Artist: Marie DeFord Keller; Oil on canvas
Charles Geraldus Hill was born near the town of Louisburg in
Franklin County October 31 1849. Dr. Hill read for a time in the office of Dr.
J.E. Malone of Louisburg, North Carolina, and in the fall of 1868 entered the
Washington University Medical College (now known as the Mercy Hospital ) in
Baltimore from which he was graduated in 1870 with the highest honors.
He established a private practice in the small village of
Hookstown on the Reisterstown Road but the name of Hookstown did not appeal to
him and he succeeded in changing its name to Arlington (just below Northern
Parkway, close to Pimlico Racecourse). He had never given up this horseback
riding and his erect carriage and his snow white hair was a familiar sight at
many of the meets of the fox hunting clubs.
In 1879, he was called to be first assistant physician at
the celebrated Mount Hope Retreat for the Insane. In 1881, he became associated
with the Baltimore Medical College as lecturer on nervous and mental diseases.
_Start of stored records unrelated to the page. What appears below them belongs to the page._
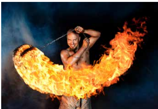
Gycklargruppen Trix bjuder både på eldshow och aktiviteter för barnen.

I nummer 7, den 26 november, kommer hela programmet.
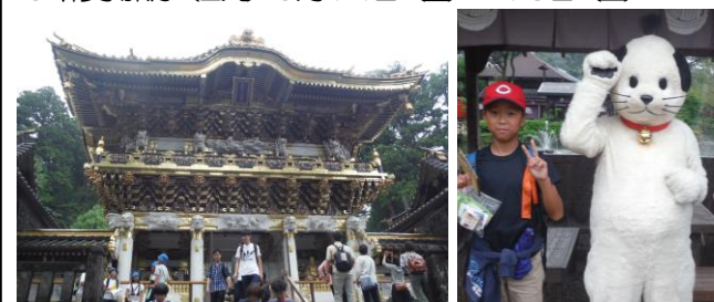
6年修学旅行(日光) 9月14日(金)~15日(土)
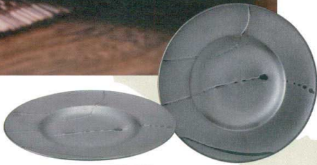
456-1094 20cm プレート φ20 × 2.7cm 900 円
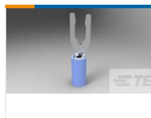
TE 产品编号52421-1 TERMINAL, PIDG SPR SPD 16-14 8

In 1882, he was elected professor of anatomy and diseases of the mind and in
1883 was made president of the college with the chair of nervous and mental
diseases which he has retained up to the present time
Since 1892 he has been a member and vice president of the
board of visitors of the Maryland School for Feebleminded. In 1895, he was elected
president of the Medical and Chirurgical Faculty. In 1896, he was president of
the Southern Medico Psychological Society. In 1897, he was elected to the
presidency of the Baltimore Medical and Surgical Society.
In 1906, at its meeting in Boston, the American Medico-Psychological
Association elected him to the presidency. He has had the peculiar distinction
of being the president of every local State and national Society of which he
has been a member. Additionally, Dr. Hill discovered a comet on June 23, 1881.